My kittens fall asleep in some strange ways...Here is Hamlet asleep on my flip-flop...









And was napping in my purse.....









And here is Lola sleeping under my pillow...cant see her?









There she is!









Oooo forgot one! Lola sleeping on my homework!


----------



## marie73 (Jul 12, 2006)

Wow, Hamlet has some big hamhocks there! Is he going to be a large kitty?

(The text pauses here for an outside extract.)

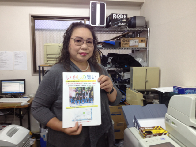 来月10月12日のいやしの集いのポスターを印刷するまどかまこ牧師。何でも準備が早い!Kato

I want to snuggle with Lola - what a fluffball.


----------



## ls84 (Jul 2, 2008)

Well, I fostered their mother, who was a very small short hair orange tabby, but who knows who the father was! They said a possible mainecoon mix because of the fluffy hair and the tufts between the toes. Three of the kitties were medium hair and one was short haired like their mom. Lola is 6 pounds at 5 1/2 months and Hamlet is 8 pounds already. Im guessing that means he could get pretty big!


----------



## marie73 (Jul 12, 2006)

Some people thought my twins were going to be big - in some pictures, their paws looked large when they were younger, but they're full grown at 7.5 lbs (Cali) and almost 8 lbs. (Charlee).

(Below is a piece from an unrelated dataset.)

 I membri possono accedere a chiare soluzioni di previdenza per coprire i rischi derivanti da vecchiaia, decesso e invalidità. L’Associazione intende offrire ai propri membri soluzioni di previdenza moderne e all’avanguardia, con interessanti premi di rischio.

Lola and Hamlet are so gorgeous!


----------



## coaster (Dec 1, 2004)

Awwww.....that's cute. And funny!!

NOW STOP BOTHERING THEM WITH YOUR CAMERA!! :lol: 

J/K


----------



## ls84 (Jul 2, 2008)

Thanks thanks....yeah they are also fluffy which makes them look bigger.

Oh I am ALWAYS in their face with the camera. Its just one of those things...like with babies. Everytime they do something cute and new, you MUST take a picture to document so you can show people...most of which probably think you are crazy!


----------



## coaster (Dec 1, 2004)

But not us.


----------



## DesnBaby (Apr 18, 2004)

Their adorable!


----------



## OctoberinMaine (Sep 12, 2006)

So cute! That one of Lola on your homework . . . wow.


----------



## LilRed (Jul 16, 2008)

They are really adorable! I love Lola as I have a real soft spot for tories! I know what you mean about sleeping in strange places. My Lucy flopped down on my bathtowel this morning so playing, I wrapped it over her. She loved it! In the middle of the bathroom floor, completed covered with the towel, she took a half hour nap. I even slid her away from the door and the only response was a delightful purr!


----------



## gunterkat (Aug 19, 2006)

I love long haired torties! :luv 
It's a long story, just suffice to say they have a special place in my heart.


----------